In July 1962, his close friend Dr Alberto Granado told him he should think about recruiting Bustos, who was then giving lectures on art appreciation in Santiago. Bustos, an Argentinian artist, had championed the Cuban revolution ever since hearing a journalist’s radio interview in 1958 with Guevara and Castro as they camped out in Cuba’s Sierra Maestra.

“It was immediately clear it was very important – I told everyone I knew about it,” he says. Right from the start he related more strongly to Guevara than the revolution’s leader. “[His] voice spoke to me personally, from conscience to conscience,” says Bustos.

He made the precarious journey from Argentina to Cuba in 1961. When Che recruited him the next year, it was decided he would join what eventually proved to be a failed venture led by Jorge Masetti – the same journalist who had inspired him to go to Cuba – to foment guerrilla warfare in Argentina.

Bustos was one of the few involved to emerge from that first Argentinian expedition with any credit. Guevara summoned him back to Havana to ask him to return to Argentina to co-ordinate a national guerrilla front. “He made a somewhat jokey reference to the fact that I was still alive,” Bustos says. After that meeting they would not see each other for almost three years.

Bustos’s account of their final Bolivian venture contrasts his excitement about seeing Guevara. “It was as if the chief electrician had suddenly illuminated the stage,” he says, against the fighters’ growing awareness of the odds being stacked against them.
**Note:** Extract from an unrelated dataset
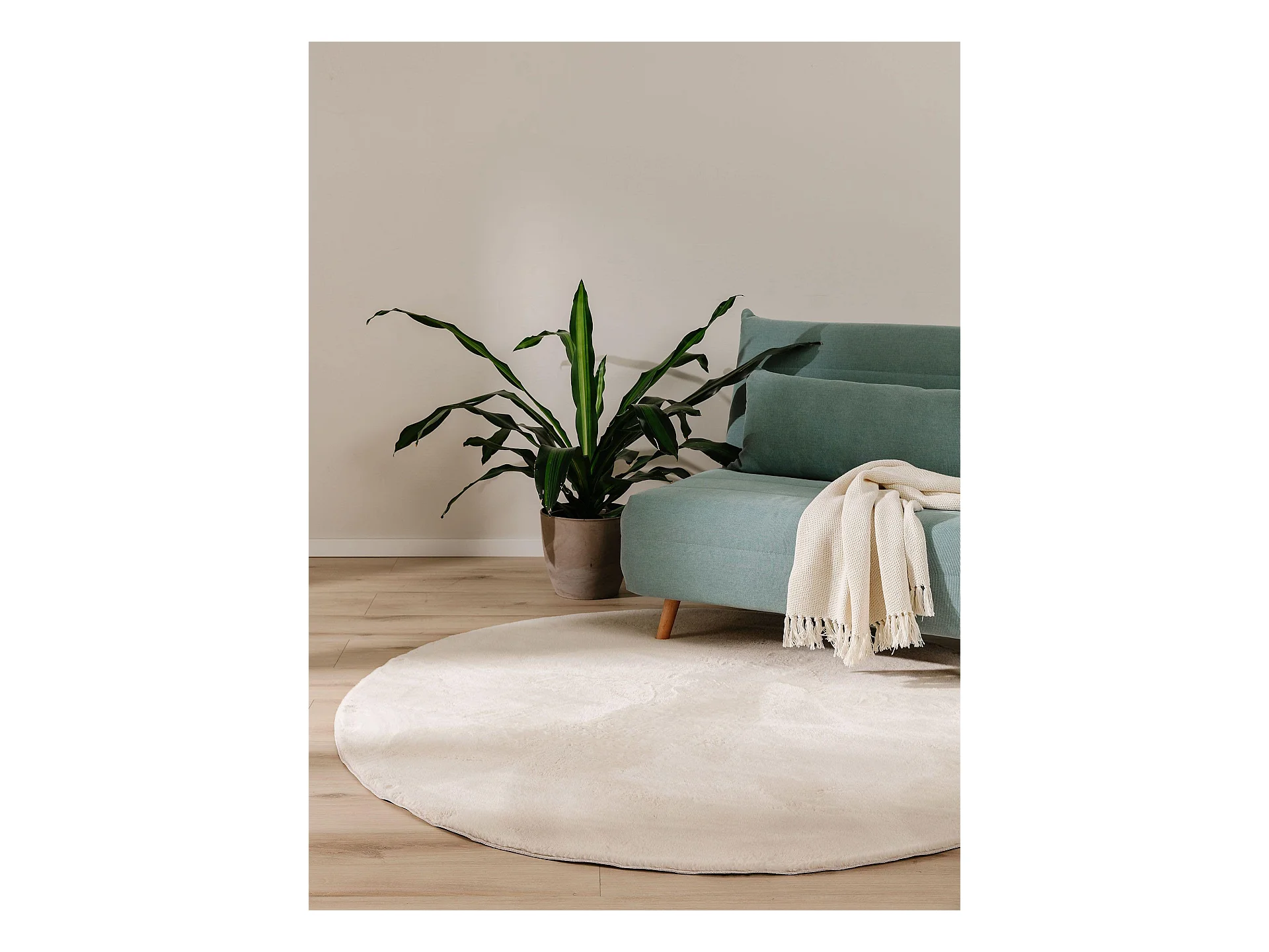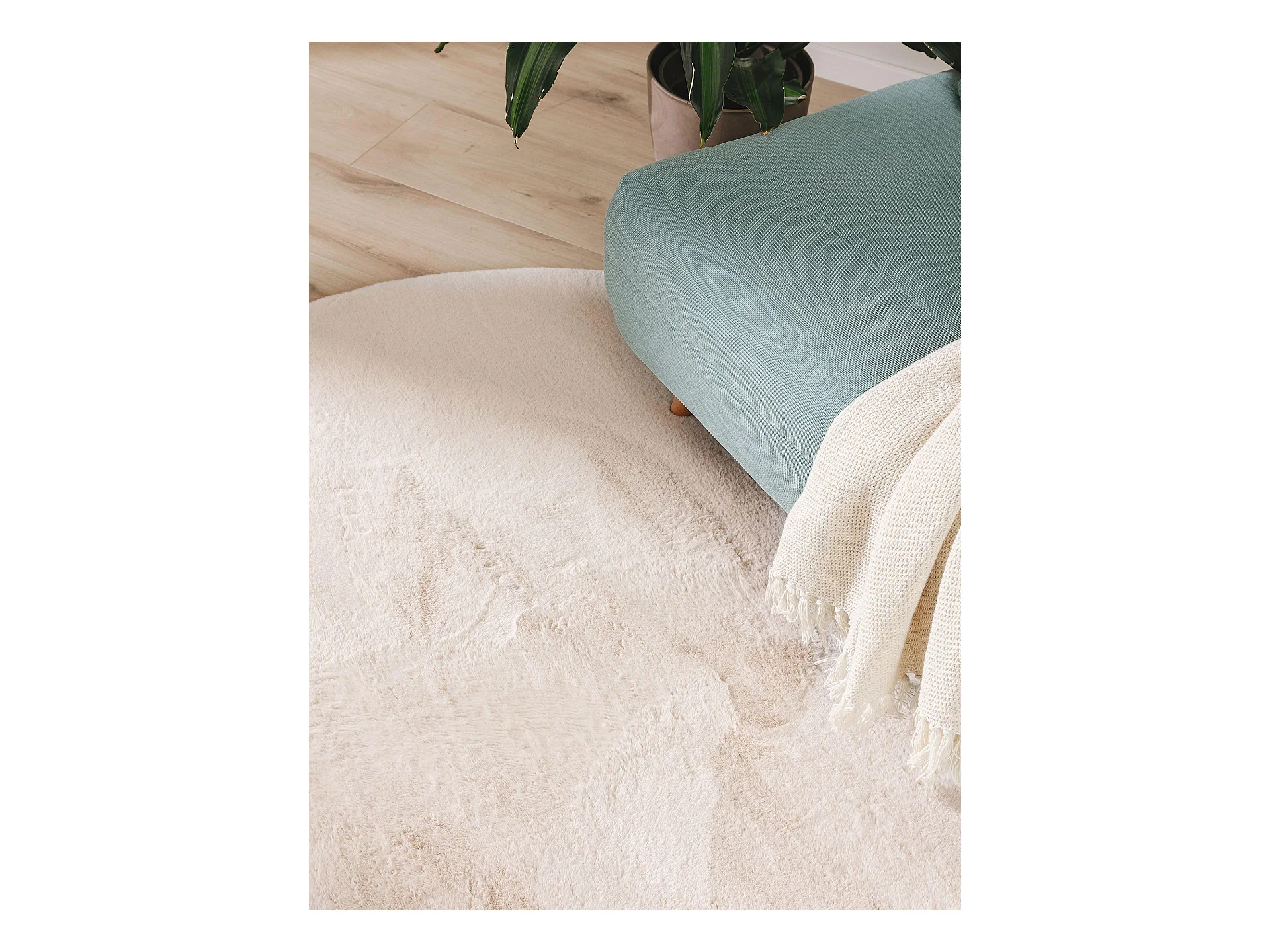 Tapis IZA poils courts style scandinave crème Ø 80cm
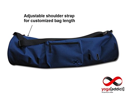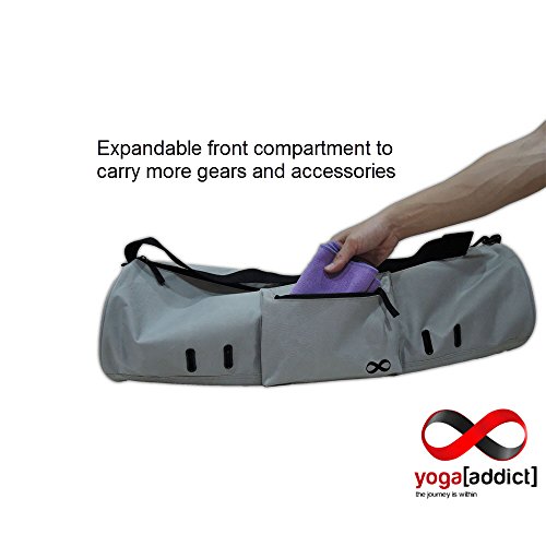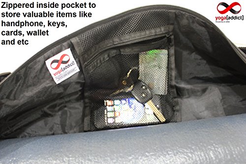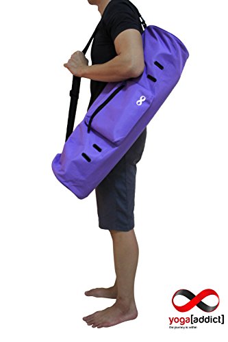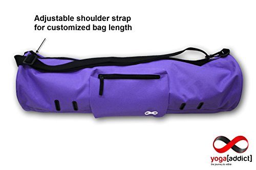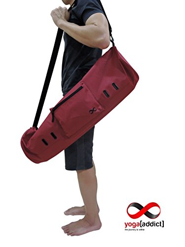 - Keep your mat clean, dry and portable. Extend the life of your valuable yoga mat by protecting it in a quality constructed yoga mat bag. - Easily adjust the shoulder strap to your height and preferred carrying position. - Durable fabric which are able to withstand any environment as well as daily commute to and from your practice. - The construction is sturdy with lots of room for yoga mat, towels, yoga straps, keys, extra shirts, wallet, membership cards, tissues, journals, handphones, and etc. - Ventilation eyelet holes on the outer bag helps to air the bag out. - Top main zipper is wide enough to allow your yoga mat to slide in quickly and easily. ?

They knew the Bolivian communist leadership was against the operation.

On the world stage, Russia was becoming increasingly edgy. And multiple desertions from Guevara’s troops led directly to the Bolivian army’s discovery not just of the original camp but of photos of Che and other of his soldiers in the jungle.

The operation was doomed almost before it started. But for those who want to pin the blame for Guevara’s discovery on the evidence unearthed by the CIA during their interrogations, the question has been which of the two prisoners – Debray or Bustos – cracked first?

Both Jon Lee Anderson, Guevara’s biographer, and the Swedish documentary Sacrificio, made in 2001, argue that because Bustos concealed his identity for 20 days, it was Régis Debray who gave the CIA what they were looking for first.

Both men were in an impossible position. Yet Debray emerged as a hero and Bustos, after being convicted for guerilla activities in Bolivia after standing trial in 1967, was consigned to obscurity under a shadow. Mr Debray did not respond for a request for comment by The Independent.

Looking back now, was Bustos aware as he drew those pictures that day, that they would change the course of his life? “I have been asked this question so many times,” he sighs. “It meant nothing. All I did was draw people with beards.”

Death in Bolivia: Guevara’s last days

4 November, 1966: Disguised as a middle-aged Uruguyan businessman, Guevara travels to Bolivia to launch a revolution.

April-September, 1967: Che’s group wins several battles but struggles against CIA-backed Bolivian forces.

7 October: Informant reveals location of Guevara’s guerrilla camp. Bolivian troops encircle the position. Guevara is wounded and taken prisoner.

9 October: President René Barrientos orders that Guevara be killed despite pressure from the US to extradite him. Guevara is shot nine times with a semi-automatic rifle to give the appearance that he was killed in battle.